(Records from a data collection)
━━━━
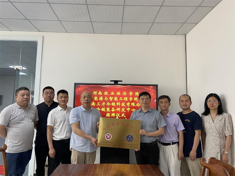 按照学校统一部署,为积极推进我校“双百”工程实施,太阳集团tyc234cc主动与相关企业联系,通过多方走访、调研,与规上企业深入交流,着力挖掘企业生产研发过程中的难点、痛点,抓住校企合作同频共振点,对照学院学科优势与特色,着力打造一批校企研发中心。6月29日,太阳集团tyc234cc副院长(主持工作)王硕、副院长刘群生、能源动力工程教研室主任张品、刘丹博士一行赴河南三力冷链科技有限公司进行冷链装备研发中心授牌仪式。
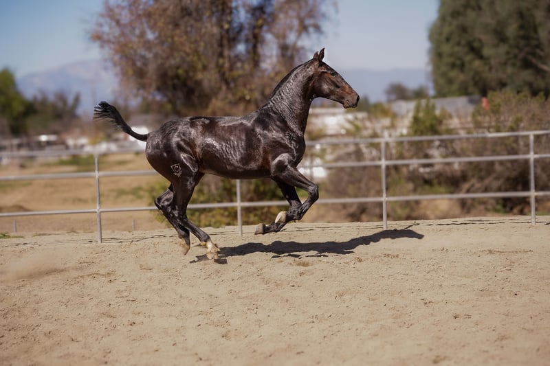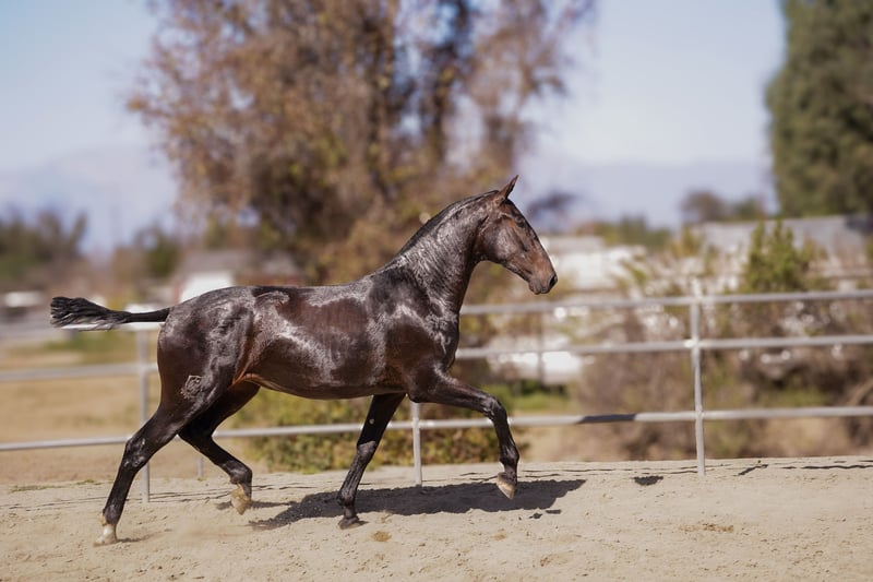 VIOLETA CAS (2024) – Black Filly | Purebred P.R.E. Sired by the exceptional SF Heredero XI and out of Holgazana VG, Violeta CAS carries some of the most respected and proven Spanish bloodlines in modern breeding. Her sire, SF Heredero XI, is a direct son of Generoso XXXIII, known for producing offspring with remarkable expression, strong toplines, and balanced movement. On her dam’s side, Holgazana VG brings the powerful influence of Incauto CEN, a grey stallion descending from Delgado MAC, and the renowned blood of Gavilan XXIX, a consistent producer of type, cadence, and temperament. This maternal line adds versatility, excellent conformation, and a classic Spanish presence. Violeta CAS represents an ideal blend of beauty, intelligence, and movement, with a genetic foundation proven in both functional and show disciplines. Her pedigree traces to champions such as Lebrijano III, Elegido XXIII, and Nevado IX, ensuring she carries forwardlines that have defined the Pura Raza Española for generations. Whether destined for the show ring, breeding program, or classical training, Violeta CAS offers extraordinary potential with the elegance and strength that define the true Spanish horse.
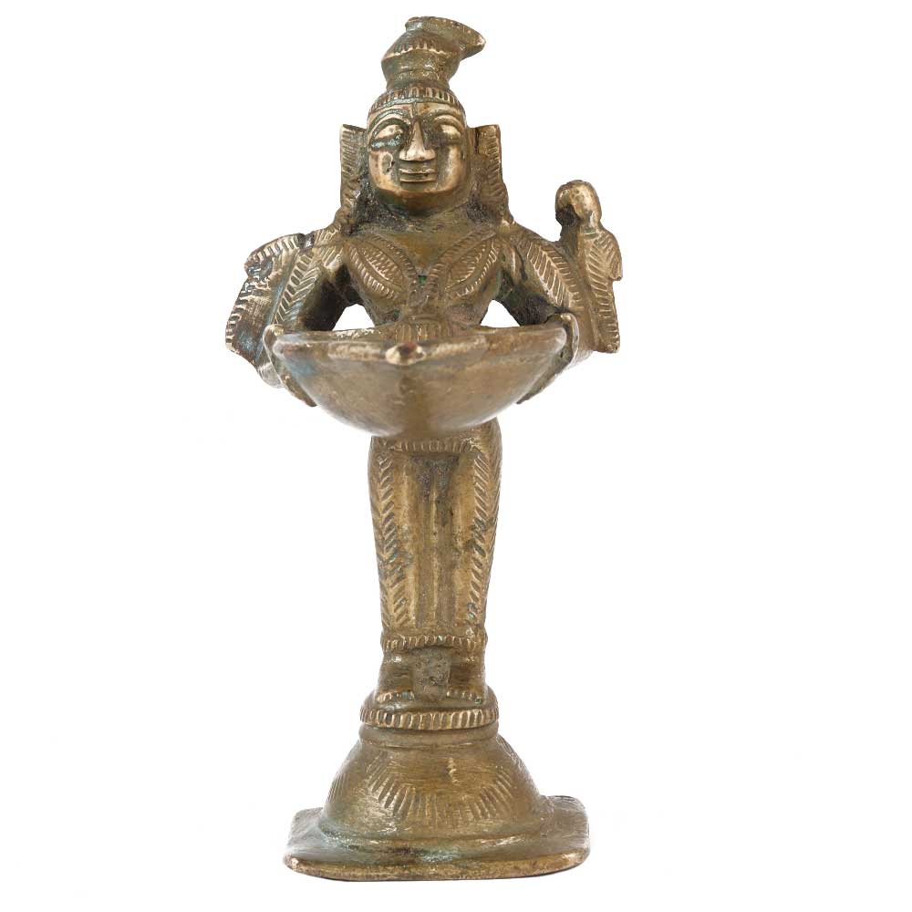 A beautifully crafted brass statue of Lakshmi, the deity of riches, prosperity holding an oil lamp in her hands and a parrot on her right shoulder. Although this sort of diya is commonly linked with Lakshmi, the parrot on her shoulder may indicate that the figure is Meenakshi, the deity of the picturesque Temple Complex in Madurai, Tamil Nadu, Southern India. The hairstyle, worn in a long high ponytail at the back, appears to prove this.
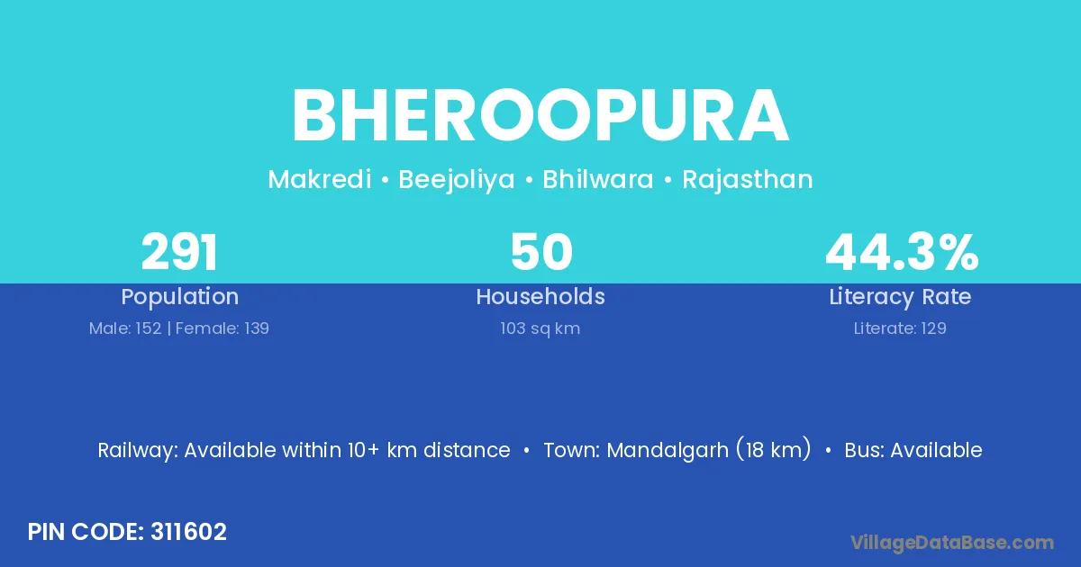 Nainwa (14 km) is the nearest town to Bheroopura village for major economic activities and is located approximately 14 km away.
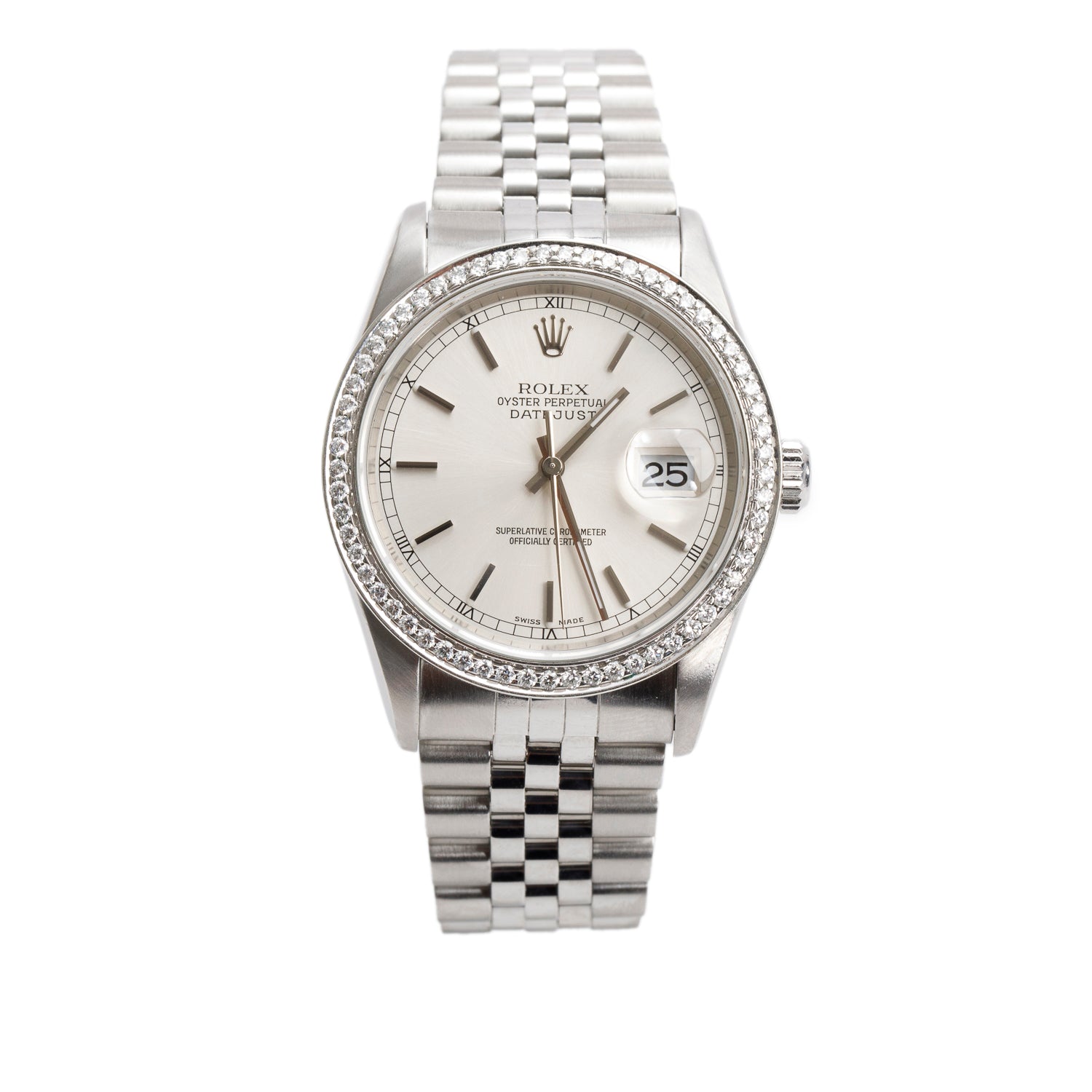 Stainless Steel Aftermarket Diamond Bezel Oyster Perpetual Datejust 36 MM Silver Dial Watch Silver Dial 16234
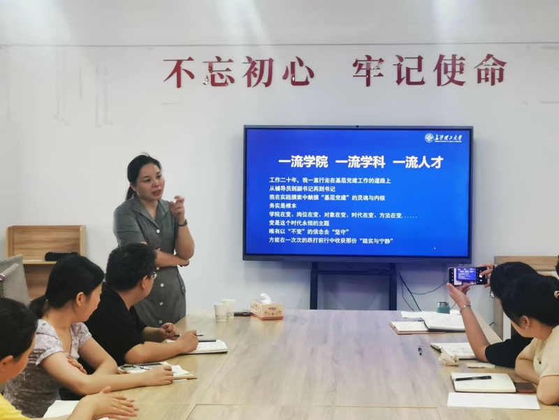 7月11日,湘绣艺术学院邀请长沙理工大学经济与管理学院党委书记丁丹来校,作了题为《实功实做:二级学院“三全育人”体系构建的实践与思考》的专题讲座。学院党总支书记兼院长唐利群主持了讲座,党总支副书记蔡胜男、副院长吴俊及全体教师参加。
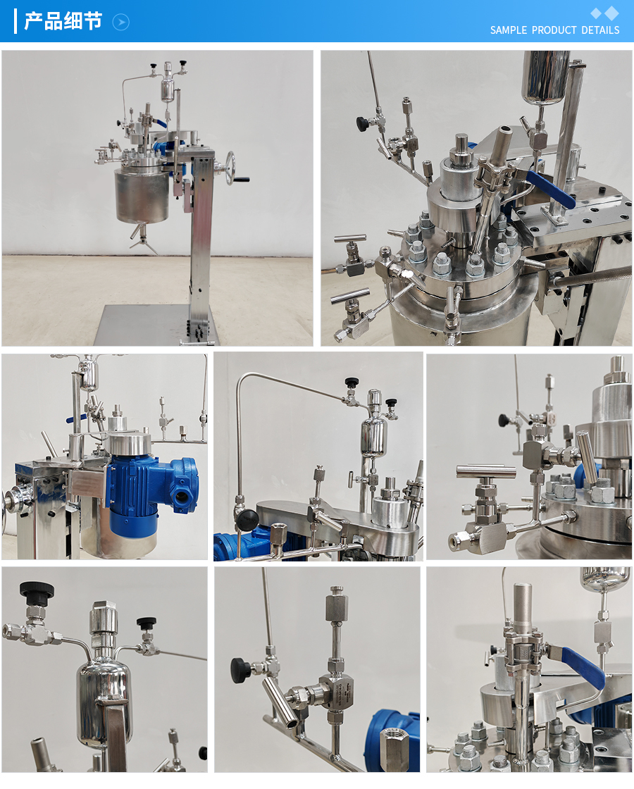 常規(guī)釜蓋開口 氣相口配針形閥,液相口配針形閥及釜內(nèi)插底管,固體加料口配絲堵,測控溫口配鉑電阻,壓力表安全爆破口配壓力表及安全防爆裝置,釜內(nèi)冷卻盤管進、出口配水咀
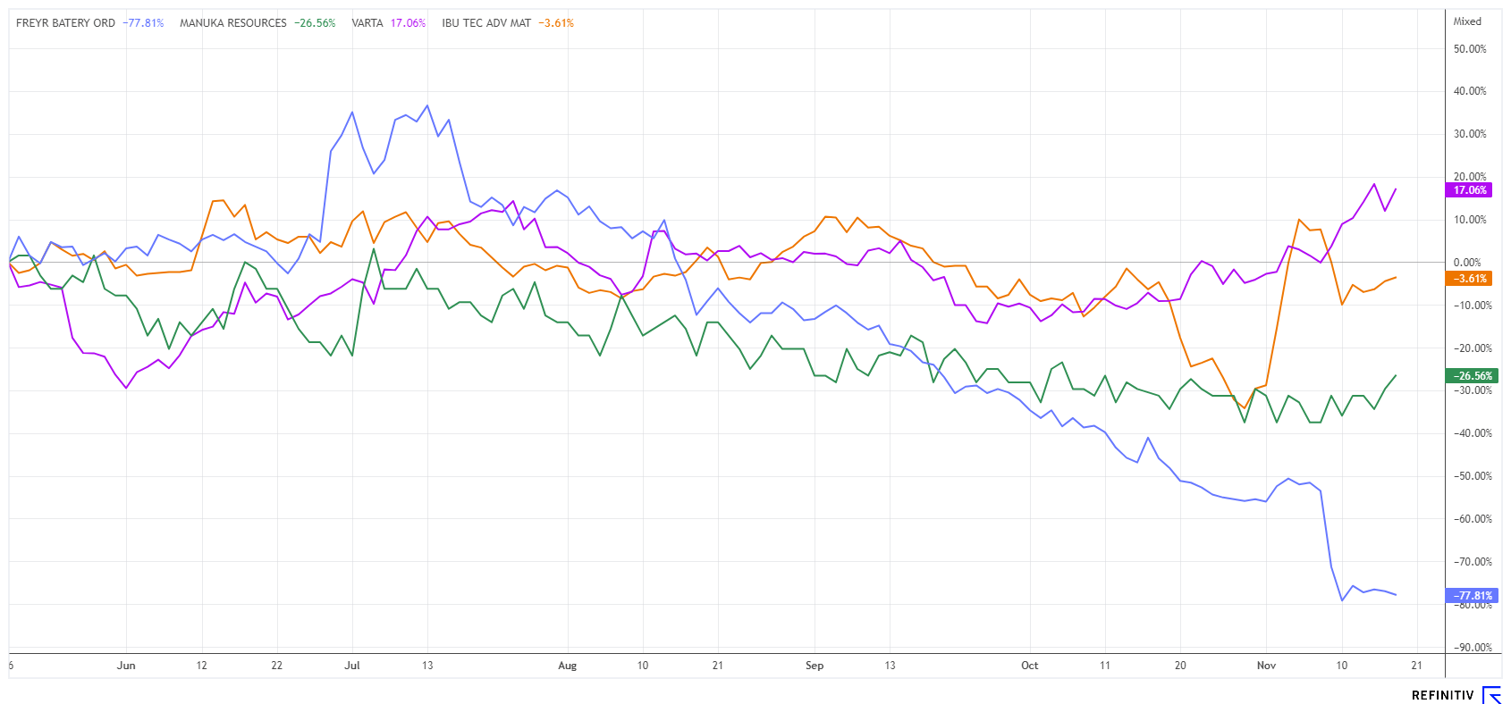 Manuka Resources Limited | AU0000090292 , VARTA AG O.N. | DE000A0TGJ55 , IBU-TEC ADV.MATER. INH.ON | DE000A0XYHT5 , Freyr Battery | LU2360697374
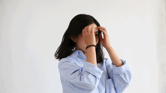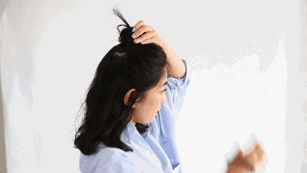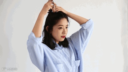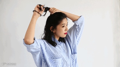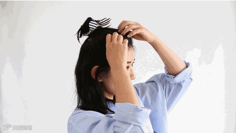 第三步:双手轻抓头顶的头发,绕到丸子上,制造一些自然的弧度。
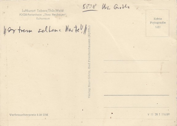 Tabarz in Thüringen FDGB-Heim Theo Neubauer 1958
━━━━
▶ _EXERCISE OBJECTIVE_:
Set down all the data again exactly as above, pictures excluded.

▶ _RESPONSE FOR THIS EXERCISE_:
 按照学校统一部署,为积极推进我校“双百”工程实施,太阳集团tyc234cc主动与相关企业联系,通过多方走访、调研,与规上企业深入交流,着力挖掘企业生产研发过程中的难点、痛点,抓住校企合作同频共振点,对照学院学科优势与特色,着力打造一批校企研发中心。6月29日,太阳集团tyc234cc副院长(主持工作)王硕、副院长刘群生、能源动力工程教研室主任张品、刘丹博士一行赴河南三力冷链科技有限公司进行冷链装备研发中心授牌仪式。
 VIOLETA CAS (2024) – Black Filly | Purebred P.R.E. Sired by the exceptional SF Heredero XI and out of Holgazana VG, Violeta CAS carries some of the most respected and proven Spanish bloodlines in modern breeding. Her sire, SF Heredero XI, is a direct son of Generoso XXXIII, known for producing offspring with remarkable expression, strong toplines, and balanced movement. On her dam’s side, Holgazana VG brings the powerful influence of Incauto CEN, a grey stallion descending from Delgado MAC, and the renowned blood of Gavilan XXIX, a consistent producer of type, cadence, and temperament. This maternal line adds versatility, excellent conformation, and a classic Spanish presence. Violeta CAS represents an ideal blend of beauty, intelligence, and movement, with a genetic foundation proven in both functional and show disciplines. Her pedigree traces to champions such as Lebrijano III, Elegido XXIII, and Nevado IX, ensuring she carries forwardlines that have defined the Pura Raza Española for generations. Whether destined for the show ring, breeding program, or classical training, Violeta CAS offers extraordinary potential with the elegance and strength that define the true Spanish horse.
 A beautifully crafted brass statue of Lakshmi, the deity of riches, prosperity holding an oil lamp in her hands and a parrot on her right shoulder. Although this sort of diya is commonly linked with Lakshmi, the parrot on her shoulder may indicate that the figure is Meenakshi, the deity of the picturesque Temple Complex in Madurai, Tamil Nadu, Southern India. The hairstyle, worn in a long high ponytail at the back, appears to prove this.
 Nainwa (14 km) is the nearest town to Bheroopura village for major economic activities and is located approximately 14 km away.
 Stainless Steel Aftermarket Diamond Bezel Oyster Perpetual Datejust 36 MM Silver Dial Watch Silver Dial 16234
 7月11日,湘绣艺术学院邀请长沙理工大学经济与管理学院党委书记丁丹来校,作了题为《实功实做:二级学院“三全育人”体系构建的实践与思考》的专题讲座。学院党总支书记兼院长唐利群主持了讲座,党总支副书记蔡胜男、副院长吴俊及全体教师参加。
 常規(guī)釜蓋開口 氣相口配針形閥,液相口配針形閥及釜內(nèi)插底管,固體加料口配絲堵,測控溫口配鉑電阻,壓力表安全爆破口配壓力表及安全防爆裝置,釜內(nèi)冷卻盤管進、出口配水咀
 Manuka Resources Limited | AU0000090292 , VARTA AG O.N. | DE000A0TGJ55 , IBU-TEC ADV.MATER. INH.ON | DE000A0XYHT5 , Freyr Battery | LU2360697374
 第三步:双手轻抓头顶的头发,绕到丸子上,制造一些自然的弧度。
 Tabarz in Thüringen FDGB-Heim Theo Neubauer 1958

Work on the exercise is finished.